◆ **How to complete this task**:
Word for word, restate the lines of the data below between those holding "Detection error probability" and "Usai melakukan pertemuan", inclusive; pictures do not belong in the copy.

◆ **Data shown**:
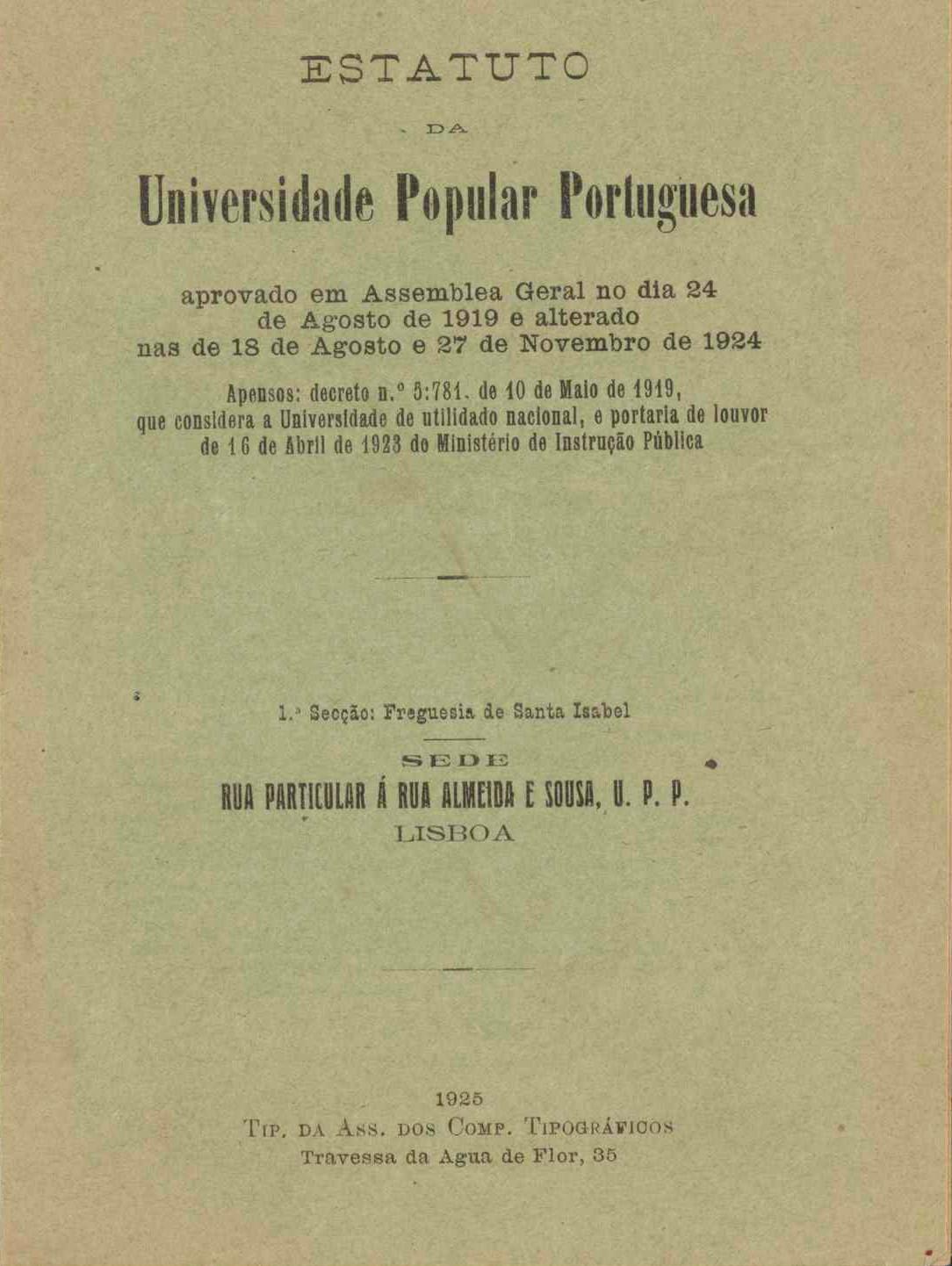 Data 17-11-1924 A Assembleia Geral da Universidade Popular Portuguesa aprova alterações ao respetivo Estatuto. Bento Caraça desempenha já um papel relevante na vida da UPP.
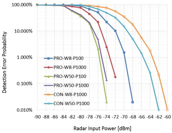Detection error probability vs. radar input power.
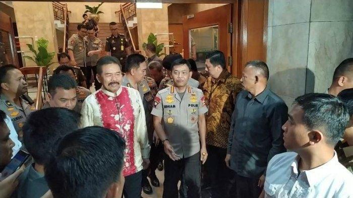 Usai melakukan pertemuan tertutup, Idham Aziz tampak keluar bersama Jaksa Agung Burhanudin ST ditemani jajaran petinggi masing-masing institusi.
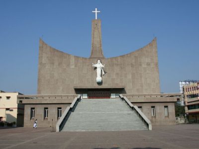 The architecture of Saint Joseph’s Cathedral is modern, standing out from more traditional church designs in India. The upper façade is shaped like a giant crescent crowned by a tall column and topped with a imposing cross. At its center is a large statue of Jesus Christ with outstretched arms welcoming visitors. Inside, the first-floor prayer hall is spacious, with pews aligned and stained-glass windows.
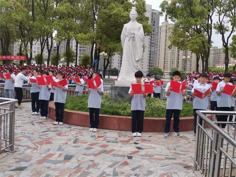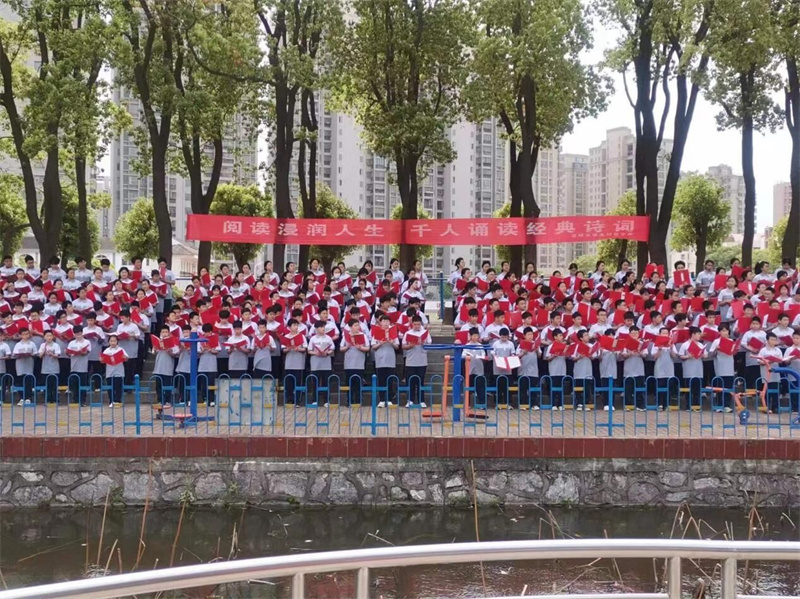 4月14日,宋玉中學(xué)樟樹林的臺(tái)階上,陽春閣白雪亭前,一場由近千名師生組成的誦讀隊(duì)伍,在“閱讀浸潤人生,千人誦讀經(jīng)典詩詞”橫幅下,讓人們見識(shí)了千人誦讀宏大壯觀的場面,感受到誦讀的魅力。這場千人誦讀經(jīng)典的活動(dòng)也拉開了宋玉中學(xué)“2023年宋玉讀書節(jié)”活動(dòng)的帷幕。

--

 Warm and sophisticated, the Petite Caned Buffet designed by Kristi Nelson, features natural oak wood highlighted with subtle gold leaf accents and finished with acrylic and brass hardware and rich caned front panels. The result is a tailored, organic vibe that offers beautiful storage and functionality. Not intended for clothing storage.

◆ **Reply**:
Detection error probability vs. radar input power.
 Usai melakukan pertemuan tertutup, Idham Aziz tampak keluar bersama Jaksa Agung Burhanudin ST ditemani jajaran petinggi masing-masing institusi.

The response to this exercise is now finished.